GHC 2018-11-03

7 comments.

, https://git.io/fxhcr in pypa/setuptools
(Happened to post the same thing at the same time...)

, https://git.io/fxhco in pypa/setuptools
Actually, `pip install .` builds a wheel first, so it's still an egg vs wheel problem.

, https://git.io/fxhcK in pypa/setuptools
Just tried all four:

- `python setup.py install` — doesn't work;
- `python setup.py develop` — doesn't work;
- `pip install .` — works;
- `pip install -e .` — doesn't work.

So, gladly `pip` does better at non-editable install, but editable install is still up in the air.

, https://git.io/fxhc6 in pypa/setuptools
Note sure I follow. This is not only an issue with editable installs — I mean, `python setup.py install` is not editable.

, https://git.io/fxhci in pypa/setuptools
Oh I missed the PR. Thanks for the pointer.

, https://git.io/fxhZC in pypa/setuptools
Just experienced this myself when I upgraded to Python 3.7.1. This is due to a regression in `ntpath.abspath` in 3.7.1 — [bpo-31047](https://bugs.python.org/issue31047), and addressed in [GH-10082](https://github.com/python/cpython/pull/10082), which has already landed. But the damage is done.
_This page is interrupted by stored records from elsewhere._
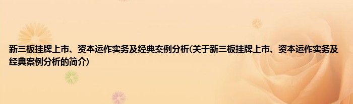 新三板挂牌上市、资本运作实务及经典案例分析(关于新三板挂牌上市、资本运作实务及经典案例分析的简介)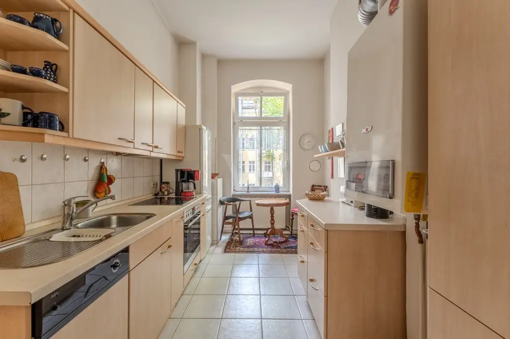 For sale is an exceptional and generously proportioned old apartment in the sought-after Winsviertel district in the heart of Berlin-Prenzlauer Berg (milieu protection area). The building was constructed around 1900 and impresses with its historic building fabric and well-maintained overall condition. The apartment is located in the front building and offers generous and stylish living comfort on approx. 116 m² of living space and a ceiling height of up to 3.40 m. The layout of the apartment is clearly structured and offers a comfortable living ambience: In the front area, there are two large rooms - connected by a double door - and a small balcony. The third room is located opposite. At the back of the apartment, you will find the kitchen with built-in units and a small seating area as well as the bathroom with a bathtub, shower and plenty of natural light. The bathroom and kitchen are fitted with double-glazed wooden windows. Typical old building elements such as stucco decorations, original double doors and the wooden box-type windows in the front living area, which were restored in 2015, give the apartment a special character. The oak parquet flooring and floorboards underline the elegant living atmosphere. Heating is provided by a gas-fired central heating system, which also supplies hot water. There is also a cellar compartment and bicycle storage facilities in the inner courtyard. The house rent is set at EUR 232.32 per month (excluding gas costs, but including EUR 70.33 maintenance reserve). The apartment was last modernized in 2007. The central and quiet location of the apartment in the Winsviertel offers excellent connections to the public transport network. All important facilities for daily needs can be reached in the immediate vicinity. This apartment appeals to singles, couples and small families alike - an ideal home for city lovers looking for something special. Locations Description The apartment is located in the popular Winsviertel district in the heart of Berlin-Prenzlauer Berg (milieu protection area) - one of the capital's liveliest and most charming neighborhoods. The neighborhood is characterized by lovingly renovated old buildings, leafy avenues and a diverse range of restaurants. Just a few steps away is the legendary Volkspark Friedrichhain, Kollwitzplatz with its weekly market and Leise Park - a green oasis with quiet paths and shady spots that invites you to take a walk and relax. The Winsviertel impresses with its high density of cozy cafés, individual boutiques and small delicatessens. The central location also makes it easy to reach Berlin's City East with Alexanderplatz, Museum Island and Hackescher Markt - both by bike and by public transport. The connections are excellent: the underground and S-Bahn stations Alexanderplatz, Greifswalder Straße and Prenzlauer Allee are very close by - several streetcar lines are within walking distance. This location combines urban life with a relaxed neighborhood atmosphere in an ideal way.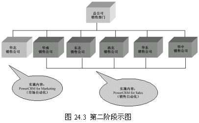 這一階段首先確立一個點(華北銷售公司),這個點的選擇要考慮多方面的因素,比如員工素質(zhì)、電腦應用水平以及基礎(chǔ)設(shè)施等。第一階段目標的實現(xiàn)對整個項目關(guān)系重大,是一個示范性的實施,對維持管理層和員工對CRM項目的信心具有重要的意義。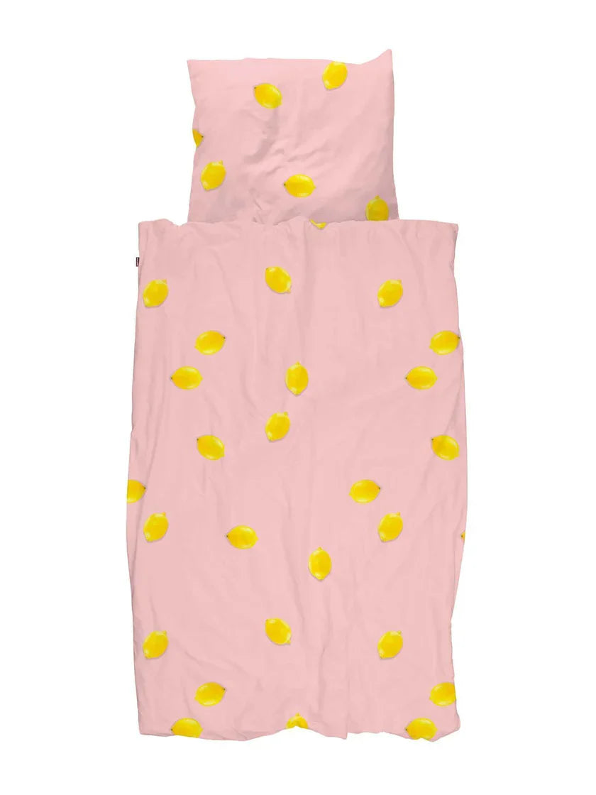 When life gives you lemons, make lemonade. Wij besloten er echter zacht beddengoed van te maken. Want frisse citroenen op een roze achtergrond – dat is toch een droomcombinatie? Het brengt direct zomervibes in je slaapkamer. Of het nu regent, sneeuwt of gewoon maandagochtend is: hieronder word je wakker met een glimlach.

Seeing that this is a Python regression, I'm not sure what's the best resolution either.

, https://git.io/fxhZW in pypa/setuptools
[Windows] UTF-8 command line args reduced to CP1252 with console script installed from egg (but wheel works fine)
=================================================================================================================

I noticed this bug when porting my app to Windows (details of my environment can be found at the end).

Consider the following single-module distribution:

`setup.py`:

```py
#!/usr/bin/env python3

import setuptools


setuptools.setup(
    name='sysargv',
    version='0.1',
    py_modules=['sysargv'],
    entry_points={
        'console_scripts': [
            'sysargv=sysargv:sysargv',
            'callsysargv=sysargv:callsysargv',
        ],
    },
)
```

`sysargv.py`:

```py
import subprocess
import sys


def sysargv():
    print(sys.argv)


def callsysargv():
    args = ['sysargv', '\u4E2D\u6587']
    print('>', ' '.join(args))
    subprocess.call(args)
```

When I install this on Windows as an egg with `python setup.py install`, here's what happens:

```console
$ callsysargv
> sysargv 中文
['C:\\Python37\\Scripts\\sysargv', '??']
```

Note the Chinese characters becomes `??` when received by `sysargv`.

However, when I install this on Windows as a wheel with `python setup.py bdist_wheel` followed by `pip install .\dist\sysargv-0.1-py3-none-any.whl`, it works correctly:

```console
$ callsysargv
> sysargv 中文
['C:\\Python37\\Scripts\\sysargv', '中文']
```

It's good to have a workaround, but it does mean I currently can't install my package as editable during development, which is quite annoying.

I'm honestly not exactly sure setuptools is to blame here, but I know precious little about Windows and not much more about eggs either, so I figured I'll ask the experts before wasting my time digging into this. Thanks.

---

My environment: I'm running Python 3.7.1 from Chocolatey (the package is based on the NuGet python package, which presumably uses an official python.org installer) on latest Windows 10.